During the recent weather snow spell I found myself housebound with a lot of unexpected spare time on my hands, so much so that by the time Sunday came, I was done watching all the ‘Come Dine With Me,’ ‘Flog it’ and ‘Escape to the Country programmes’ on the television – the house was spick and span and I was well rested, I was sick of snow and I realised that I was looking forward to going back to work in Quintas the next day.
Back in 2005 the opportunity arose for me to give up work and stay at home. Our children were small and after working for 19 years, I found myself wanting to be at home with them. Even though it was a huge adjustment, the biggest change for me personally was that I really missed the social side to the job that I had left; I had never considered that aspect of giving up work.
The years were busy, toing and froing with the kids. We moved house in the tail end of the Celtic Tiger and I found myself thinking, how did I ever have the time to work? My husband would often say to me you should take up a course and go back studying, but I never did. I thought to myself, I might never go back to work and why would I need to take all that on board when I was so busy running the house. Then one September morning, my boys went out the door to school, I made myself a cup of tea, sat down and I realised that I wouldn’t see them again until after 4 o’clock. What was I going to do with myself? The realisation dawned that this was how it was going to be from now on, my boys were teenagers and growing up fast. Where had all that time gone? The time had come to return to work.
I had dabbled in a few things during my ‘time off’, as if to justify to myself that I was wanted out there and I could pull a job if I had to. I was a Census Enumerator, I did some childminding, and I did a SECAD course. I applied for a few ‘tasty’ jobs (thinking that I would have no bother getting them, only to find that too often my job application wasn’t even acknowledged, not to mind get the chance of an interview!). Being a keen cook I tried to get into the kitchen of a very successful café thinking that maybe this would a new career path for me. But the reality was that ‘admin’ was my thing and always had been. I wondered how I would get back into the workplace. Things had changed so much; almost everyone who leaves school now goes on to third level education. Back in the eighties, job hunting was very different, I had a choice of a civil service or semi state job when I left school. I didn’t have a lot of confidence (why had I not listened to my husband and studied??) but I knew that I had excellent work experience which I hoped would stand to me. My sister was on hand for up to the minute advice, she helped me with my getting my CV together and said that the best thing that I could do was go to a recruitment agency.
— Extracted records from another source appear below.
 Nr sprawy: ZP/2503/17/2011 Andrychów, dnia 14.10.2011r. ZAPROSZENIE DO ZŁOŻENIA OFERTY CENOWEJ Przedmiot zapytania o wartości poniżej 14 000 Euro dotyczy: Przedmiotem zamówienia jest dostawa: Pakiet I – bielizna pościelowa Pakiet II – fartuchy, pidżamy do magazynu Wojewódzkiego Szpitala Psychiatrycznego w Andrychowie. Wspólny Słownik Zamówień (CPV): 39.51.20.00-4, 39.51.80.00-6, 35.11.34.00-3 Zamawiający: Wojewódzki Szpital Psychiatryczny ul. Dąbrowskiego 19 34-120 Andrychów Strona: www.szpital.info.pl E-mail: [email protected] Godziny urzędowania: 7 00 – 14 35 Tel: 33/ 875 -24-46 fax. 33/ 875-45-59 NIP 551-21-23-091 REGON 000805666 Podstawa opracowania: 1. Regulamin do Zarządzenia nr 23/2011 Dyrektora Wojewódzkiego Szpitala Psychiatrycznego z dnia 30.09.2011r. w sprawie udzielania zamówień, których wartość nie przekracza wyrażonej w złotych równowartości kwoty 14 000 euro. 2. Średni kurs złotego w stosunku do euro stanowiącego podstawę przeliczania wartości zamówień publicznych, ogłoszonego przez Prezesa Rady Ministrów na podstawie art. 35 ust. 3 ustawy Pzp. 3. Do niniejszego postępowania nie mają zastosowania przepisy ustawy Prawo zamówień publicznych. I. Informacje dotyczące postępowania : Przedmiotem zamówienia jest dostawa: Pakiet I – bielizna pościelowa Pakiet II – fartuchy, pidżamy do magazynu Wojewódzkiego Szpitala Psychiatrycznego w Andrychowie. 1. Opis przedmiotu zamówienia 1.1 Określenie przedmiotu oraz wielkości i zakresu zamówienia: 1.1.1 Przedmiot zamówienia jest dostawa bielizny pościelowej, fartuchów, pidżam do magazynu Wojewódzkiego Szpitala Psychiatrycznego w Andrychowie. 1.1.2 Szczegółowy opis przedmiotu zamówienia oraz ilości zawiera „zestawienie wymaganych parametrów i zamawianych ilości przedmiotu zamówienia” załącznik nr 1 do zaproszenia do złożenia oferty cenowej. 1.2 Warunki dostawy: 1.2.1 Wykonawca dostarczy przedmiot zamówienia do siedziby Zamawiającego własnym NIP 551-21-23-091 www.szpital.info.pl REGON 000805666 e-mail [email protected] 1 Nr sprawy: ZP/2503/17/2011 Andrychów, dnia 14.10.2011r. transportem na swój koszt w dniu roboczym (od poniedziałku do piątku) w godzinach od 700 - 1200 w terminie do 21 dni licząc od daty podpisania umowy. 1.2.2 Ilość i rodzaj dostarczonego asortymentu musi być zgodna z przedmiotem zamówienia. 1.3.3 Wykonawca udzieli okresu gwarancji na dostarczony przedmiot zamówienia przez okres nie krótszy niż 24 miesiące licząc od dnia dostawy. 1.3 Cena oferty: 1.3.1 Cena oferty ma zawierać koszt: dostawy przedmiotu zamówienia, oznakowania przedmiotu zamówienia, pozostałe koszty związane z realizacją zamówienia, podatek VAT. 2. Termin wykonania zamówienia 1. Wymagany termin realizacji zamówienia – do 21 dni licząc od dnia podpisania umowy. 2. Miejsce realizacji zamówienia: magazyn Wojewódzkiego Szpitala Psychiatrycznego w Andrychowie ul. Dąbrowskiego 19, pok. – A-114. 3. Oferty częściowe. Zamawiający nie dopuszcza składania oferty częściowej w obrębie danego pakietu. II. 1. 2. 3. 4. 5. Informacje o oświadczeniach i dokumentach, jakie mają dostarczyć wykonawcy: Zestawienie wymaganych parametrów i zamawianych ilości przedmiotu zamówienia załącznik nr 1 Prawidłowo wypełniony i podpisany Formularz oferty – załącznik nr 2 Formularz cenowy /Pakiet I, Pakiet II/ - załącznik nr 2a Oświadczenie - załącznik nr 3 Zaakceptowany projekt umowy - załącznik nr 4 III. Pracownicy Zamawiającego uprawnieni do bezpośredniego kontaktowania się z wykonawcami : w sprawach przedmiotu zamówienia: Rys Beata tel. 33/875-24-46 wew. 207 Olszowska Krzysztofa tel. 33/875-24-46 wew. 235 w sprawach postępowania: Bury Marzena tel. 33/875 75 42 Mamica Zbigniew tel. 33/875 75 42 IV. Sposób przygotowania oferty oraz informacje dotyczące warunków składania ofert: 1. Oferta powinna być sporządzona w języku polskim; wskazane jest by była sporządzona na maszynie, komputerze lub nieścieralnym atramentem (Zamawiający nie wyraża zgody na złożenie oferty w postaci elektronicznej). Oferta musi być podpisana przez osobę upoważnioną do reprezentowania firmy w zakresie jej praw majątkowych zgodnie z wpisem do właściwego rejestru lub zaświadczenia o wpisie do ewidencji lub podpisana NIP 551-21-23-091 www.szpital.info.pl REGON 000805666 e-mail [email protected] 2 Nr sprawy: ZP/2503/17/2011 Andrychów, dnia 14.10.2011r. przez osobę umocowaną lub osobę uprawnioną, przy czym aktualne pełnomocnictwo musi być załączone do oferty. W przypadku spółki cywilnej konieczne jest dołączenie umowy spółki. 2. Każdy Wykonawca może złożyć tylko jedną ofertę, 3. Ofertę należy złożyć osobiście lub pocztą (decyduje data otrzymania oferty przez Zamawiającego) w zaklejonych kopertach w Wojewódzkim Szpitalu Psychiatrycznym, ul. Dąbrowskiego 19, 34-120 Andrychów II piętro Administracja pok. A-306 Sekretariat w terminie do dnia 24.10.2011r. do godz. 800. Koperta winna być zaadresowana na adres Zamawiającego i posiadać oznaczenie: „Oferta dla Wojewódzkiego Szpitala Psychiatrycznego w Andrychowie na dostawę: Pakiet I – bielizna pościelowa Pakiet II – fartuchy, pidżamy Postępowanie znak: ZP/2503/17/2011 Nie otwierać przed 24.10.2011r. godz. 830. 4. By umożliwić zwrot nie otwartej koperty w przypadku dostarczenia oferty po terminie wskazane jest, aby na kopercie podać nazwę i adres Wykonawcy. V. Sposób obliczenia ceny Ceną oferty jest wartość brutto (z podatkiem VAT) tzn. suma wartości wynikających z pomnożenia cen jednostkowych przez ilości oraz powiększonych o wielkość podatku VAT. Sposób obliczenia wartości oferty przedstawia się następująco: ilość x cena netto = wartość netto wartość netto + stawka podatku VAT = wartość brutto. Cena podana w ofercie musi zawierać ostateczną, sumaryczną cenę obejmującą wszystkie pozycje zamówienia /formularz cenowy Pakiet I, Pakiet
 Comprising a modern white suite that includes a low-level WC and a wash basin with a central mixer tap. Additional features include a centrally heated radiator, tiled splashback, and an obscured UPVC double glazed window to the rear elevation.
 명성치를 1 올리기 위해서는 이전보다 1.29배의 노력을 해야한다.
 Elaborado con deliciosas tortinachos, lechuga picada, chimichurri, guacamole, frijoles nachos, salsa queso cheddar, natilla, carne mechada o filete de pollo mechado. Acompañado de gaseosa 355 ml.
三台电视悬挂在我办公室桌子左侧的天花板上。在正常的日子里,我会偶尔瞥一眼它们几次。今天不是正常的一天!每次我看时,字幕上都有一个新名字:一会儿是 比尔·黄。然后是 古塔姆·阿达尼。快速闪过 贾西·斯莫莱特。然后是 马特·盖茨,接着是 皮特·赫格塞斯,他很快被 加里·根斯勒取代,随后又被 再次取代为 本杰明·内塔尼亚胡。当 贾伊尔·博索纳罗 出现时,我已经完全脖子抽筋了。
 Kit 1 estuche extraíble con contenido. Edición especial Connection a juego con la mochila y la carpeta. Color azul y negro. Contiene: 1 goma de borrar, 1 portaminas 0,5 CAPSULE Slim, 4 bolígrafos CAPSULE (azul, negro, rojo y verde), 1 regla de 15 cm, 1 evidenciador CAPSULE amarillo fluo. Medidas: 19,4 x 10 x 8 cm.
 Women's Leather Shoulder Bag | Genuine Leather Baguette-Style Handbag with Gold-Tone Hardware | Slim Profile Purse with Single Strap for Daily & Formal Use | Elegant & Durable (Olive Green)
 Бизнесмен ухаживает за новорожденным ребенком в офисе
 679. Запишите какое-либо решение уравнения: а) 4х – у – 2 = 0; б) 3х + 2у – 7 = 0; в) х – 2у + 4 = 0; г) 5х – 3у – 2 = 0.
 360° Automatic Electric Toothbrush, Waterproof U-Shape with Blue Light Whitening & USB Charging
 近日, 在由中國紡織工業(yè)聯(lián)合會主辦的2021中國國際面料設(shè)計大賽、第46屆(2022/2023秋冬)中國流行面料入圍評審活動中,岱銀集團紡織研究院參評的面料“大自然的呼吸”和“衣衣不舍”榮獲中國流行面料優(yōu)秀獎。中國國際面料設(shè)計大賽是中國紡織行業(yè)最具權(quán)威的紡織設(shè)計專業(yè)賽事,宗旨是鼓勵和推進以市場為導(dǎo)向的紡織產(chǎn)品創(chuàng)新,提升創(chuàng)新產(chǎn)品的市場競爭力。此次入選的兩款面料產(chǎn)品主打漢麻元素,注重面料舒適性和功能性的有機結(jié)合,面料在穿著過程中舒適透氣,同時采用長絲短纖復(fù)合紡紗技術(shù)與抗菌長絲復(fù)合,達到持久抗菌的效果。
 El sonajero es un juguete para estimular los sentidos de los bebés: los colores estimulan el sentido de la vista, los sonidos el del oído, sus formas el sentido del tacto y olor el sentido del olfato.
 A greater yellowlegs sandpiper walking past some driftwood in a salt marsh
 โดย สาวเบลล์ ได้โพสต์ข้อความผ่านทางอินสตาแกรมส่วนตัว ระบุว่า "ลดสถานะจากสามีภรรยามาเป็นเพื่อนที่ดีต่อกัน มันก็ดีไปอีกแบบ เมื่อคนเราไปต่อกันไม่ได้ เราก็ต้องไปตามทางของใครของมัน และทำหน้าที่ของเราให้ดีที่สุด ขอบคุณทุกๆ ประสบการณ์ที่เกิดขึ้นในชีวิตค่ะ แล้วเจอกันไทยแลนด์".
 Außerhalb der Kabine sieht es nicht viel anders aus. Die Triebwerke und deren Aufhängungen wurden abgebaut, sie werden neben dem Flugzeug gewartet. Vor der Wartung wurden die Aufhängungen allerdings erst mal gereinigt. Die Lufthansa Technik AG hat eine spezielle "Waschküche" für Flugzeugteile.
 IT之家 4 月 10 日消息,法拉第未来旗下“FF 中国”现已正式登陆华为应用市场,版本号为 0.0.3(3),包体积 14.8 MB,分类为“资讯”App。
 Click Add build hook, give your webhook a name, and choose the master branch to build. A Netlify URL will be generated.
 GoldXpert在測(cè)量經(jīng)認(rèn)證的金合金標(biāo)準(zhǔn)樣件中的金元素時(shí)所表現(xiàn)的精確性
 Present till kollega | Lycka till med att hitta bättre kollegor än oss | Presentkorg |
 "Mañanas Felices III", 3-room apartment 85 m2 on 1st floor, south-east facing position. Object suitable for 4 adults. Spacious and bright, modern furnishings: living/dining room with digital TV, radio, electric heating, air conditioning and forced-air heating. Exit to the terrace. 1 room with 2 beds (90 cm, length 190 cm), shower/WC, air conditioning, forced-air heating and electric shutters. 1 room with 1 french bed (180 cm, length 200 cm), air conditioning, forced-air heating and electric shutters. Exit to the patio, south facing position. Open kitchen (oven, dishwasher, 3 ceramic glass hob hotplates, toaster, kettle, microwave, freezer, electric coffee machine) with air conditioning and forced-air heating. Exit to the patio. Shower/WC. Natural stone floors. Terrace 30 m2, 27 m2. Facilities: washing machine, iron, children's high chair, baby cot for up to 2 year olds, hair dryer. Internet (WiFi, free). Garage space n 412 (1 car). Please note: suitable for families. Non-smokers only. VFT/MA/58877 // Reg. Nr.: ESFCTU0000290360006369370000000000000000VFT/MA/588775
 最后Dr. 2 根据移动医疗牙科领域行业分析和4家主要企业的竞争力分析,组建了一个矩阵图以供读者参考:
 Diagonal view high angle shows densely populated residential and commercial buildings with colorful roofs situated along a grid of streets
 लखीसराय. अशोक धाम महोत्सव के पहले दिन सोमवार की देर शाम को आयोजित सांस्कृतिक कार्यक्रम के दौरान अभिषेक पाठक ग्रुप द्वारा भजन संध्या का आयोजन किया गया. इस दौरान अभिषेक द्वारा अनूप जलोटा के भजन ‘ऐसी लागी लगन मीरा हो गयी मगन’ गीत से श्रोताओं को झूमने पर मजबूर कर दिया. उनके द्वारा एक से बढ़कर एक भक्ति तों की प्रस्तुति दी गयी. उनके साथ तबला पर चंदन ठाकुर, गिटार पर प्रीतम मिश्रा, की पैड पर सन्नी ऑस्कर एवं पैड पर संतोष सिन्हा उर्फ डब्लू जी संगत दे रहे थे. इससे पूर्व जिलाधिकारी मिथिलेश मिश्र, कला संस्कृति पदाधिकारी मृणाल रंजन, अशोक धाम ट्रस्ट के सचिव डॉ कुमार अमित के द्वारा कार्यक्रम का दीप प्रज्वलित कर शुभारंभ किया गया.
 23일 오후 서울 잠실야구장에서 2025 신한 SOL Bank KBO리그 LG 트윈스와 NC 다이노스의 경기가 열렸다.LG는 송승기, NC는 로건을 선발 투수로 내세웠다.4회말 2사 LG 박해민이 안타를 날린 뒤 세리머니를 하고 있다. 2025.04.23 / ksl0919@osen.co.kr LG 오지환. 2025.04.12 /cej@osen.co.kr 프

So I sent my CV into the recruitment agency and on the same day I got a phone call to ask if I could come in for a chat the next day which I did. I was really not sure where I would fit back jobwise; we decided that reception work was a good place to start. Before I knew it I was offered a temporary assignment in a multi-national company. This was way too fast for me to take in. I had many dilemmas, was I really ready to go back? Had I forgotten all my computer skills? The doubts were endless. And of course the excuses, my boys would have to walk to and from school, the kettle wouldn’t be boiled when they came home in the afternoon, these were very important considerations!!
Seriously nerve wracked I took up the assignment. I loved it, felt thrilled to be back at work and really things hadn’t changed that much at all, computers were still pretty much the same. One temporary assignment lead to another. Some weeks I had lots work and some weeks I had none. It was a great way to get back into the swing of things and to bring my skills up to date. I had the best of both worlds while I was easing myself back. I actually could do this! Going from strength to strength I felt it was time to look for something more permanent. When the opportunity arose in Quintas, I went for the interview and afterwards thought to myself, I think that went pretty ok. To my absolute delight I was offered the job. To be honest, I would have to admit that committing to the full time job offer was a bit daunting ( I had after all been a free agent for so long), but you know what, it’s that old saying ‘nothing ventured nothing gained’.
And here I am writing this, I really enjoy my job on reception in Quintas, it’s very busy and the days fly by. I get to meet and speak to so many people every day and there is always something new to learn. There are so many positives, I have a feeling of self-worth, I am keeping my skills up to date and I have my own independence (and money to buy those nice pink shoes I spotted). I have made so many friends, I love doing lunch on Friday and I love working with young people, they keep me young! Quintas is going from strength to strength and it is great to be part of the team.
It’s not all plain sailing, between commuting and juggling the housework/kids and working full-time, but I have learned to delegate at home and take a step back (this really didn’t come naturally to me, it took time!!). If the kitchen floor doesn’t get washed this weekend, is it really such a big deal?
My own babies (they are now 16 and 18 years old) have turned into fine young independent men. My oldest son is a very keen cook (which I love to take some credit for). My younger son is big into gaming and every Saturday makes his own way to and from UCC (we don’t live in the city) to do a computer programing course. I loved being at home with them when they were small but I think that by going back to work, they had to stand on their own two feet instead of me mollycoddling them. They are at the ‘expensive stage’, we have a mortgage and bills to pay like everyone else. With the state retirement age now standing at 67 and likely to increase further in the years ahead, who knows what lies ahead for me in my career!